Mary was born with the name Mary Elizabeth Berry, but as a young woman she dropped Elizabeth and began using Houston as a middle name. It seems that her grandmother had a good friend named Mary Houston, so I suspect the name change was to honor this woman. Mary Houston Berry (hereafter MHB) was born 15 Feb 1840 in Winchester, Clark Co, Kentucky, the first child of Thomas Joseph Berry and Caroline Elizabeth Cast. Her father Thomas Berry was probably also a native of Clark Co., but I haven't traced his background precisely. I think it is very likely that he was one of a large extended Scots-Irish Berry family who spread west from Virginia and the Carolinas after the Revolutionary War. The Cast family (also spelled CASS or CASSE) was from Yorkshire, and the family story is that the patriarch of the North American Casts jumped ship in Philadelphia about 1740 and eventually settled in North Carolina.
Almost all of my ancestors were farmers, but MHB grew up as a "town" girl. In 1850 the family lived in Winchester where her father Thomas was a carpenter. By this time MHB had three younger siblings - a sister Martha and brothers Amon and James (Jimmy). A young carpenter named John Bell was living with the family, possibly as an apprentice. Sometime before 1860 the family moved to Ashland, KY which was a small town on the Ohio River across from Ohio and near the West Virginia line. While in Ashland MHB attended the Ashland Academy, which opened in 1856. It is possible that she was in the first class. Here are some excerpts from the catalog:
"Greek, Latin and French are taught. Fine English scholarship can only be obtained through the medium and mutual connection of those languages...The Natural Sciences embrace Physiology and Hygiene, Botany, Chemistry, Astronomy, Geology and Philosophy. Mathematics embraces a full course of mathematical science...The school knows no sectarian or political distinctions. It is opened with Divine Worship every morning..."

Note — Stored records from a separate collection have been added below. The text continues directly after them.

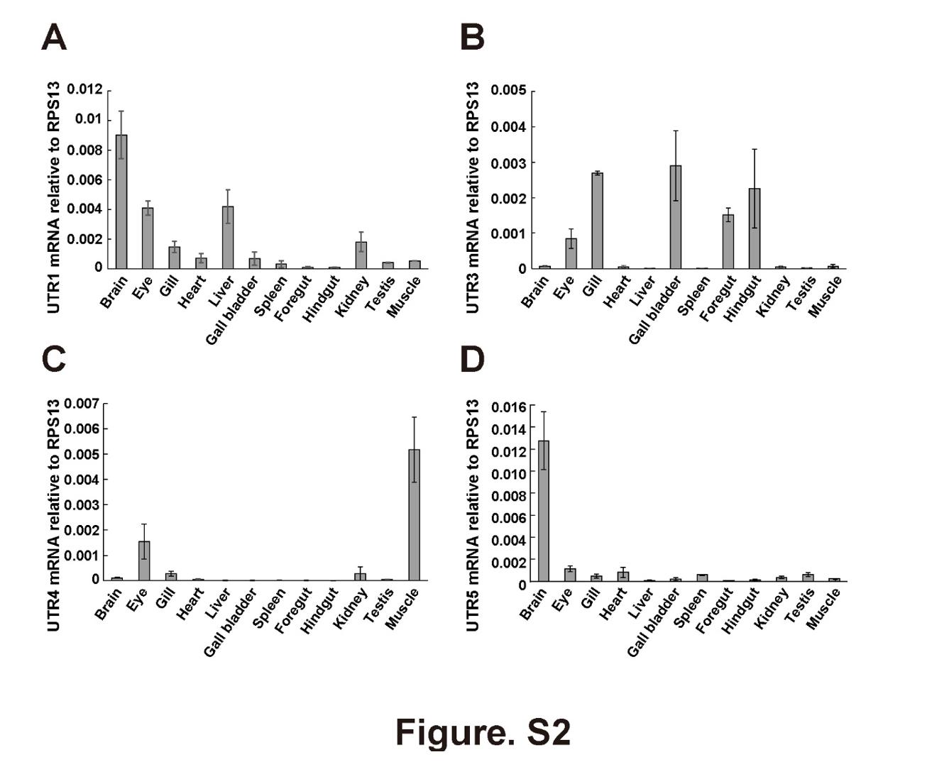 Fig. S2. Relative mRNA expression levels for urotensin II receptor (UTR) subtypes in various tissues of O. latipes. mRNA expression levels of single UTR subtypes are represented as ratios to the mRNA level of the housekeeping gene RPS13. Values are estimates for samples from three fish. A–D, relative mRNA expression level of single UTR subtypes in male and female fish.
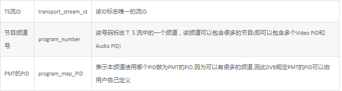 PAT表主要包含频道号码和每一个频道对应的PMT的PID号码,这些信息我们在处理PAT表格的时候会保存起来,以后会使用到这些数据。下面将PAT表的定义给出:
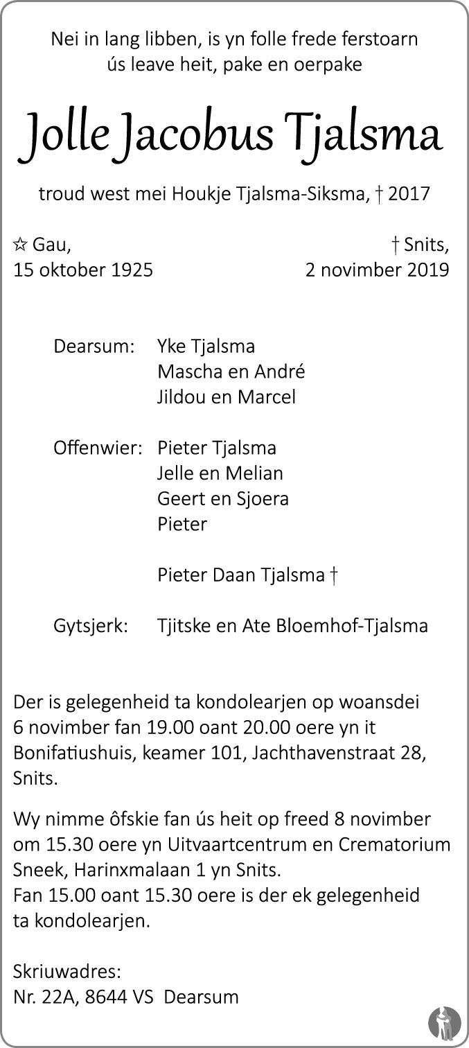 Gauw op 14 oktober 1925 •Sneek op 2 november 2019
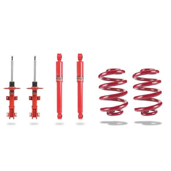 Este kit incluye nuestros excelentes amortiguadores Pedders SportsRyder en todas las ruedas y muelles helicoidales traseros elevados.
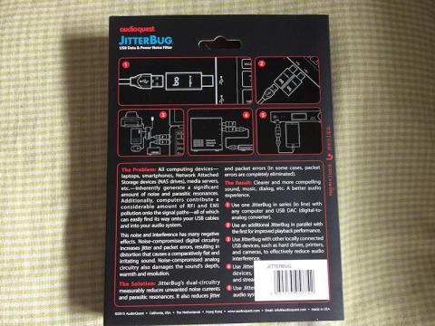 これは恐らくPC側のUSB信号ラインの設計にも、USB DACのノイズ対策にも影響を受けるからではないかと予想されます。JITTERBUG自体が別にデジタル信号を再生成するようなシステムではありませんので、元々PCのUSBの品質が高かったり、USB DAC側のノイズ対策がしっかりしている環境では効果は限定的で、その辺りに難がある環境では劇的な効果が現れると考えればしっくりと来るのです。USB DACの代わりに、PC用のオーディオインターフェースなどで、ノイズを比較的良く拾っていたものと併用すればもっと劇的に改善されたのかも知れません。
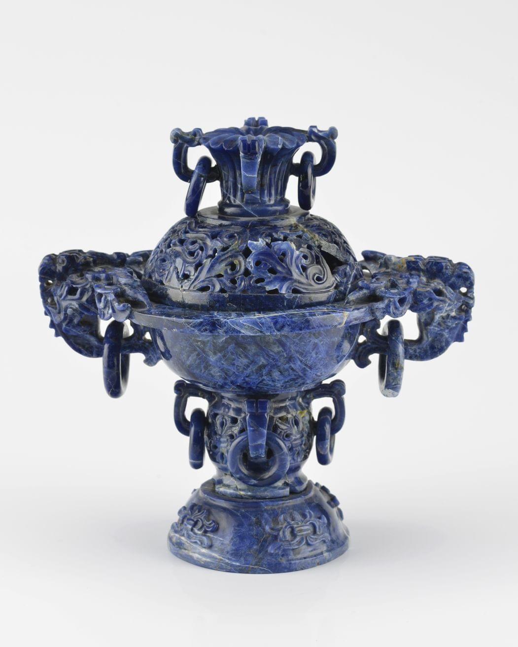 Sodalite sculptée et ajourée, anses à têtes de dragons, Chine, Xxe s, H 20 cm

The Ashland Academy was founded and overseen by the local Presbyterian minister, and Thomas Berry was a devout Methodist, but obviously was ecumenical enough to take advantage of the opportunity for his children to receive a good education.
In the 1860 census, MHB was 20 and living in Ashland with her parents and three younger siblings. Thomas was still listing his occupation as carpenter and, as was the case in Winchester a young carpenter (Augustus Richmond, age 17, from Germany) was living with them. Thomas was a trustee of the local Methodist Episcopal Church (later called First Methodist), and since a new church building was completed in 1866 I assume that Thomas probably was directly involved in the construction.

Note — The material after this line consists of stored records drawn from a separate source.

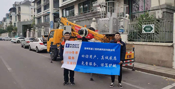徐州昊意公司承诺:高空作业车每年夏季和冬季两次回访客户,免费服务,上门到户,维护保养。请放心使用,我们为您保驾护航!17721796055(微信同号)
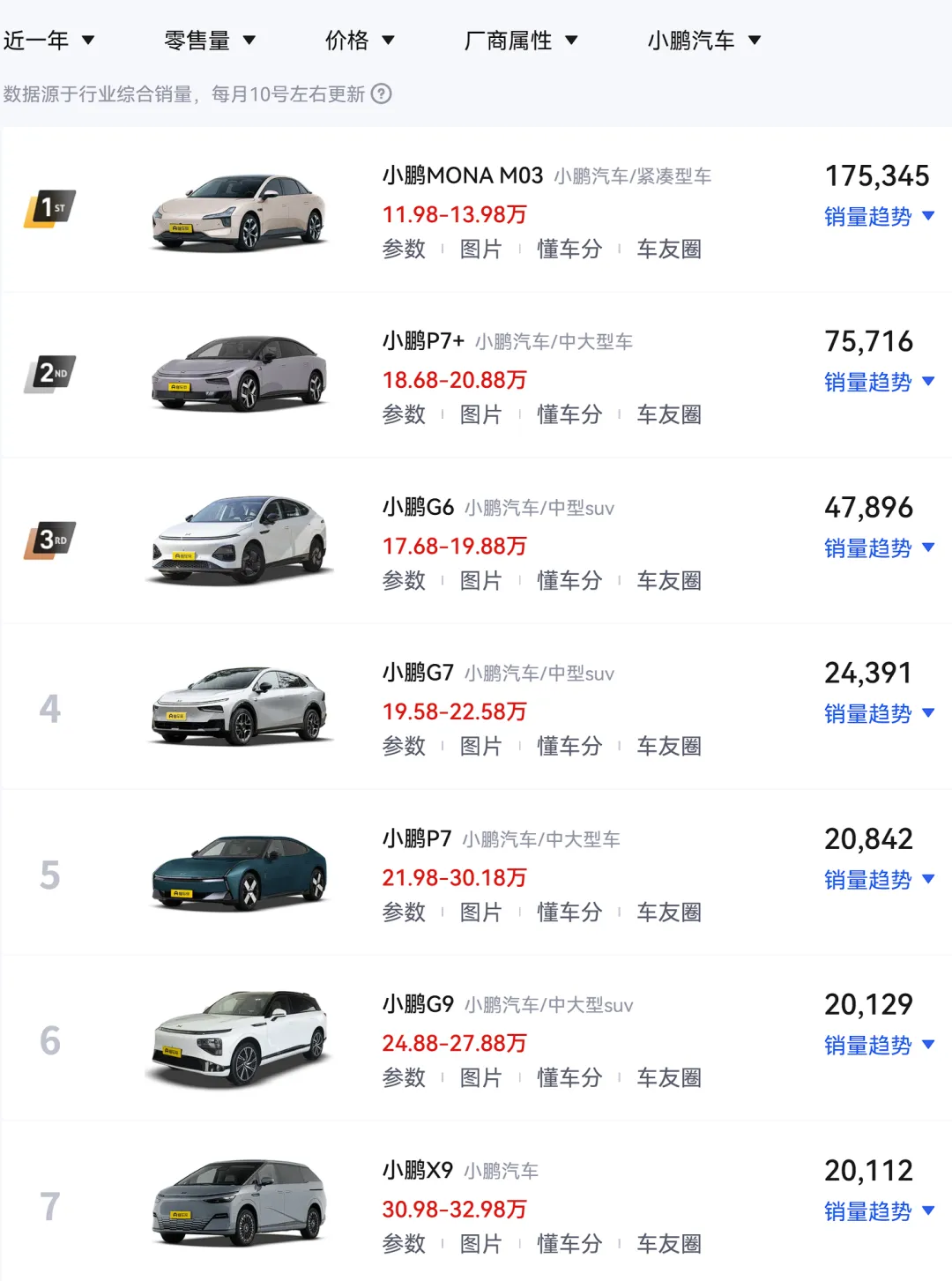 从销量上来看,无论是全新的小鹏P7+,还是小鹏X9,都没有扛起销量的大旗,小鹏还得靠着小鹏MONA M03来获得销量;因此也有网友调侃,小鹏不如只保留MONA 系列,再做个MONA SUV和MONA MPV就够了。
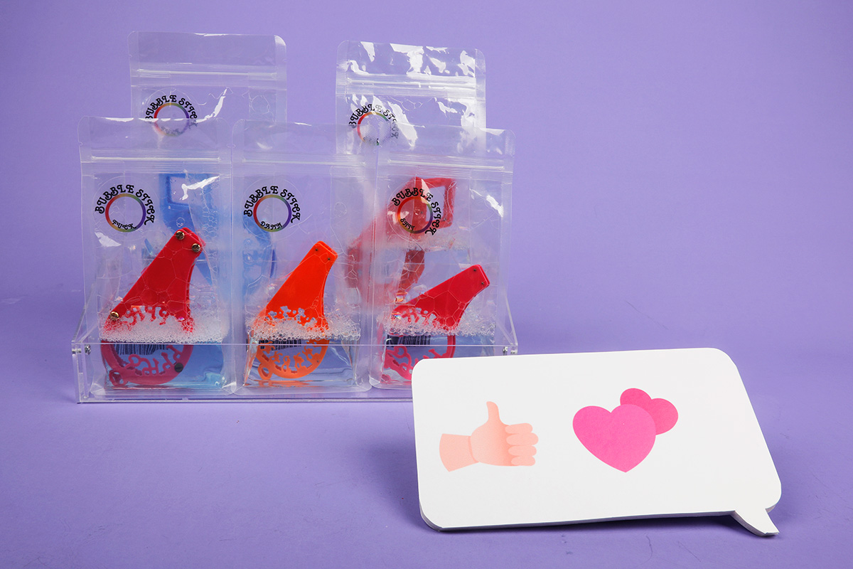 徐貝怡的首飾主要探究生活中一些細(xì)微之處,利用觀察和感悟去重塑人們對一件事物的固有理解,帶領(lǐng)觀者重新審視和思考被人云亦云的觀念。在作品《離異家庭標(biāo)簽》和《情緒臟話》中都有所體現(xiàn)。探討的觀點雖并非和主流價值背道而馳,卻往往是被大眾所忽略的層面。它們同樣具有被討論的價值;以《情緒臟話》為例,為了體現(xiàn)臟話的積極影響,作品采用臟話紋樣的泡泡棒,以及吹泡泡的形式,引發(fā)觀者的愉悅感,從而切實的體會到作品主旨。
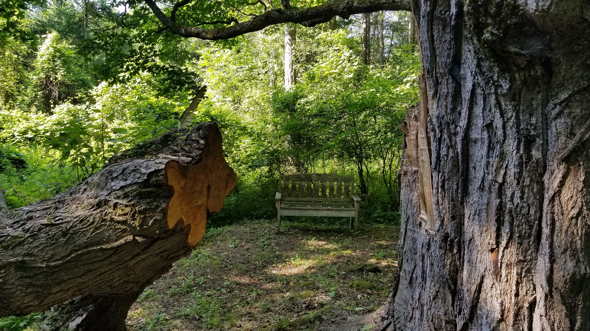 While I did want to leave the big arm where it fell, I did saw out a couple feet of it, where it had hinged from the trunk, so that Spirit Tree can once again be encircled and hugged. Though you will need at least three people to hold hands and fully surround this glorious tree. On the cut area of the branch, I have oiled with an eco-friendly blend to preserve the grain and pattern. I invite you to explore this on your next visit. Spend some time with Spirit Tree and see what wisdom she has to share with you.
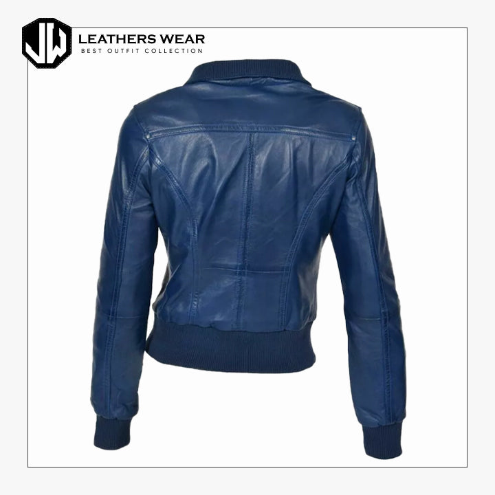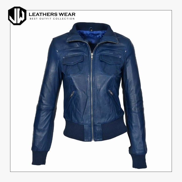 سترة جلدية نسائية زرقاء
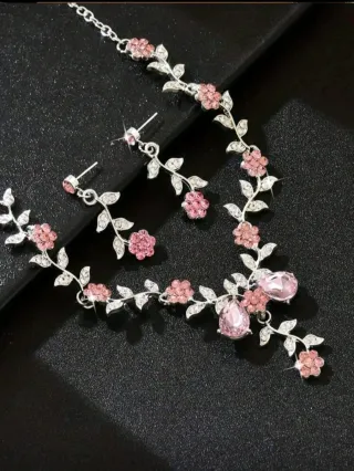 Elegante parure di gioielli con un design floreale. Il set include una collana e un paio di orecchini pendenti. - Dettagli floreali con pietre rosa. - Elementi decorativi in argento. - Design raffinato e femminile.
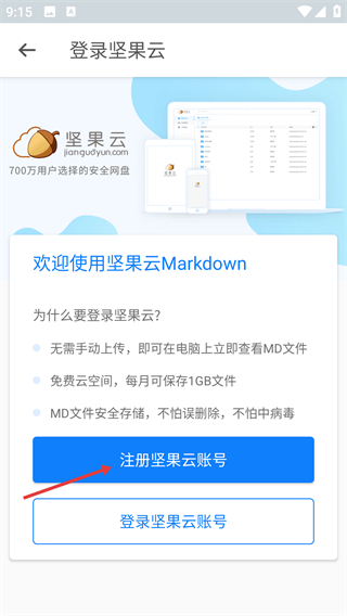 1、打开坚果云Markdown应用,点击底部【坚果云】选项,进入登录/注册页面。
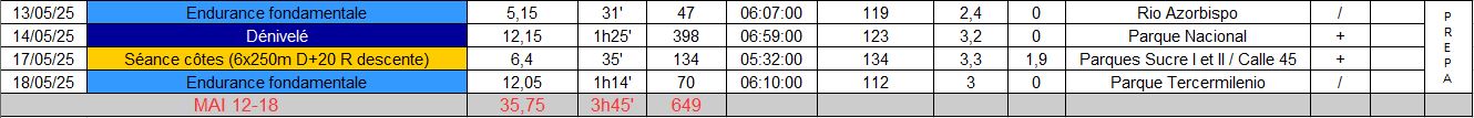 Même si ce n’est pas beaucoup c’est la dernière avant de reposer le corps où je peux faire un peu plus intense! Sans photo, car je ne prends plus mon téléphone. Pas envie trop secouer le nouveau. Donc, mardi, de trè bonne heure, pour Lina, et avant mes cours, de l’endurance fondamentale. Le mercredi une impro sur les sentiers VTT du Parque Nacional pour faire du D+.

The Civil War must have been a very emotional time for MHB. In 1865 her younger sister Martha died (cause unknown), her two younger brothers fought on opposite sides (I will post separately on this), the headmaster of Ashland Academy resigned abruptly in the middle of the 1865 school year, and MHB and her friend and fellow alumna Luella Poague were "drafted" to run the school. Last but not least MHB met and fell in love with a "traveling salesman" (my greatgrandfather William Joseph Anderson - see the previous posting) who was working for the Confederacy. They were married in 1866 by the Methodist minister, Rev. Sully Brass. Here is a description of Rev. Brass, written by the Presbyterian minister:
"The M. E. Church South [later the First Methodist] was...served by an eccentric Englishman, who lived at Fulton Forge. His name was Sully Brass. He rode a horse, had a flaming red-head stall[ion] on his bridle and a large saddle blanket of the same vivid color".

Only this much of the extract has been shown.